WHAT IS REQUIRED: From the first line to the last, retype the records exactly and skip the pictures.

━━ SUPPLIED MATERIAL ━━

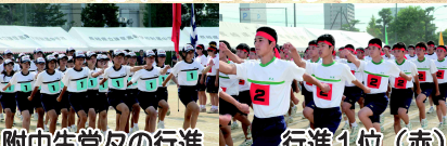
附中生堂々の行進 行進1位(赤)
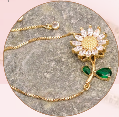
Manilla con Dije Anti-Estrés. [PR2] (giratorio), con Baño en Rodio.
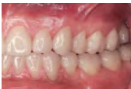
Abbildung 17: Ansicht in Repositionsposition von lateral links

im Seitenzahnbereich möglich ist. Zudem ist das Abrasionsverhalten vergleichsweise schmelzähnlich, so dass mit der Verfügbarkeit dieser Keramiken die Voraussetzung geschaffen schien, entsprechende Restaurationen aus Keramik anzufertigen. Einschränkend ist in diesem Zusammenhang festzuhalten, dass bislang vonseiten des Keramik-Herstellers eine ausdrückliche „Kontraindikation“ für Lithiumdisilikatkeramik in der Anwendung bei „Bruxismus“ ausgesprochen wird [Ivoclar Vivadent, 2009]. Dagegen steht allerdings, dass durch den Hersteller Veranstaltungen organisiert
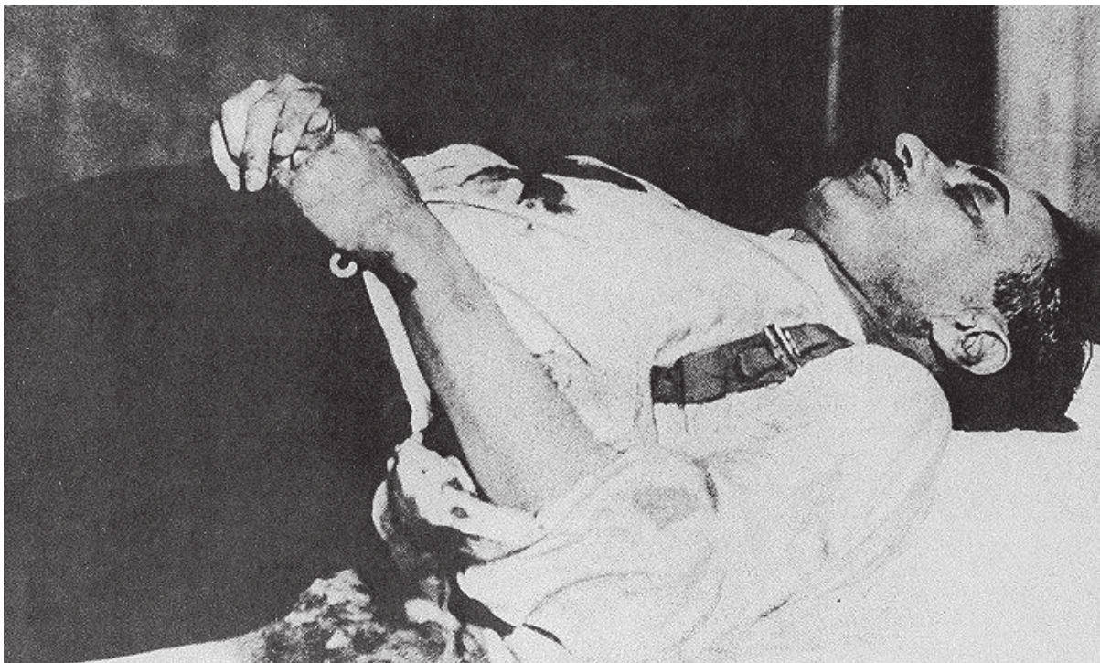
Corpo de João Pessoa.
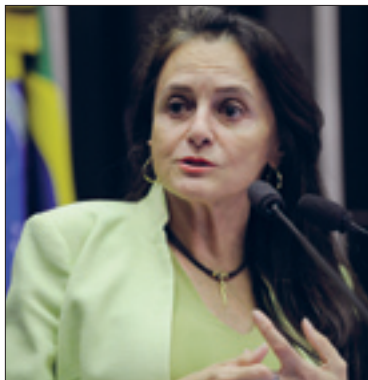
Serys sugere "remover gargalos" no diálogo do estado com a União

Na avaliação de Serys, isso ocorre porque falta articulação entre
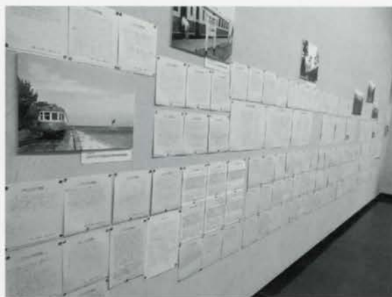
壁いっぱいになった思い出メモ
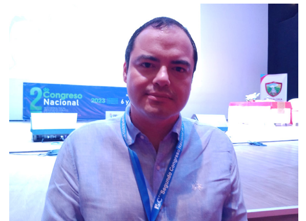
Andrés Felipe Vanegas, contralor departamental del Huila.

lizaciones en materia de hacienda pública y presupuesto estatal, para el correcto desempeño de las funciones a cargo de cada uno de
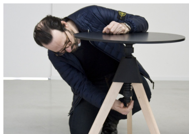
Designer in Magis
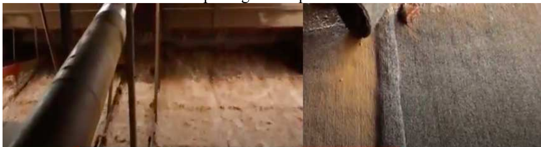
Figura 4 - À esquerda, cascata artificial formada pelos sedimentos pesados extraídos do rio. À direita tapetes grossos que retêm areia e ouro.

━━━

ANSWER SPACE:
附中生堂々の行進 行進1位(赤)
Manilla con Dije Anti-Estrés. [PR2] (giratorio), con Baño en Rodio.
Abbildung 17: Ansicht in Repositionsposition von lateral links

im Seitenzahnbereich möglich ist. Zudem ist das Abrasionsverhalten vergleichsweise schmelzähnlich, so dass mit der Verfügbarkeit dieser Keramiken die Voraussetzung geschaffen schien, entsprechende Restaurationen aus Keramik anzufertigen. Einschränkend ist in diesem Zusammenhang festzuhalten, dass bislang vonseiten des Keramik-Herstellers eine ausdrückliche „Kontraindikation“ für Lithiumdisilikatkeramik in der Anwendung bei „Bruxismus“ ausgesprochen wird [Ivoclar Vivadent, 2009]. Dagegen steht allerdings, dass durch den Hersteller Veranstaltungen organisiert
Corpo de João Pessoa.
Serys sugere "remover gargalos" no diálogo do estado com a União

Na avaliação de Serys, isso ocorre porque falta articulação entre
壁いっぱいになった思い出メモ
Andrés Felipe Vanegas, contralor departamental del Huila.

lizaciones en materia de hacienda pública y presupuesto estatal, para el correcto desempeño de las funciones a cargo de cada uno de
Designer in Magis
Figura 4 - À esquerda, cascata artificial formada pelos sedimentos pesados extraídos do rio. À direita tapetes grossos que retêm areia e ouro.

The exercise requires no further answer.